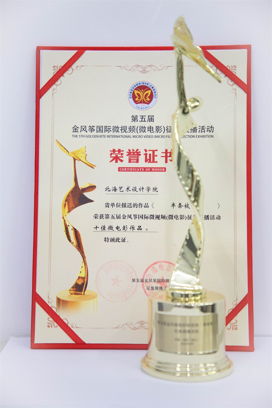 “十佳微电影”证书及奖杯
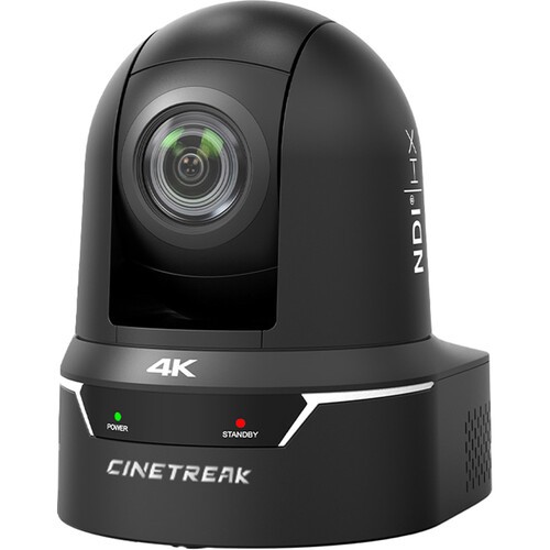 A CineTreak CT-PT25K 3G NDI egy professzionális 4K PTZ kamera, AI emberkövetéssel és NDI HX3 támogatással, Sony 1/1,8″ CMOS érzékelővel, 25× optikai zoommal, valamint egyidejű HDMI, 3G-SDI, USB, IP és NDI kimenettel. Élő produkciókhoz, oktatáshoz, konferenciákhoz és műsorszóráshoz tervezve, sima követést, kiváló képminőséget és rugalmas vezérlést biztosít PoE tápellátással.
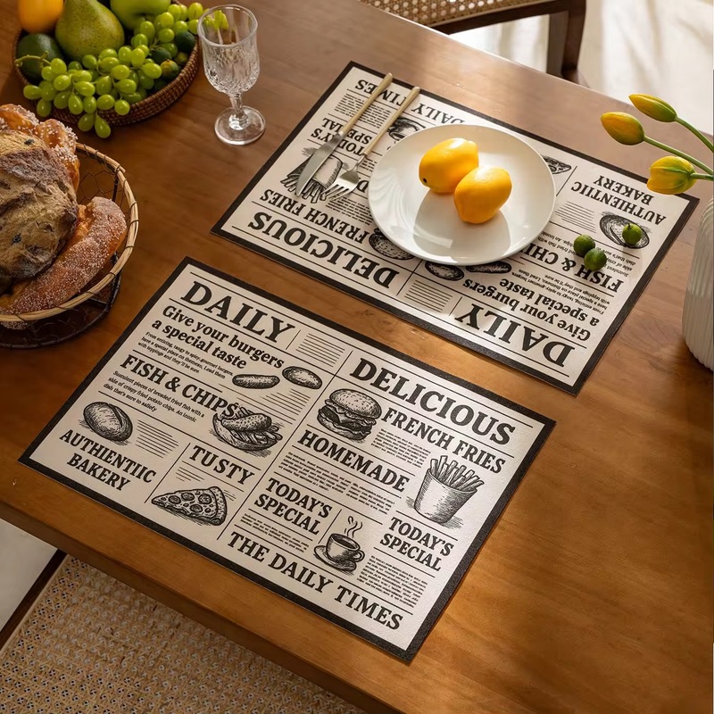 The Gastronomy Gazette Soft Linen Imitation Fabric Printed Placemats Heat-resistant Daily Food Newspaper Pattern Table Mat

# Exercise aim
Repeat the material above exactly; any picture in it is left out.

# Solution to this problem
 “十佳微电影”证书及奖杯
 A CineTreak CT-PT25K 3G NDI egy professzionális 4K PTZ kamera, AI emberkövetéssel és NDI HX3 támogatással, Sony 1/1,8″ CMOS érzékelővel, 25× optikai zoommal, valamint egyidejű HDMI, 3G-SDI, USB, IP és NDI kimenettel. Élő produkciókhoz, oktatáshoz, konferenciákhoz és műsorszóráshoz tervezve, sima követést, kiváló képminőséget és rugalmas vezérlést biztosít PoE tápellátással.
 The Gastronomy Gazette Soft Linen Imitation Fabric Printed Placemats Heat-resistant Daily Food Newspaper Pattern Table Mat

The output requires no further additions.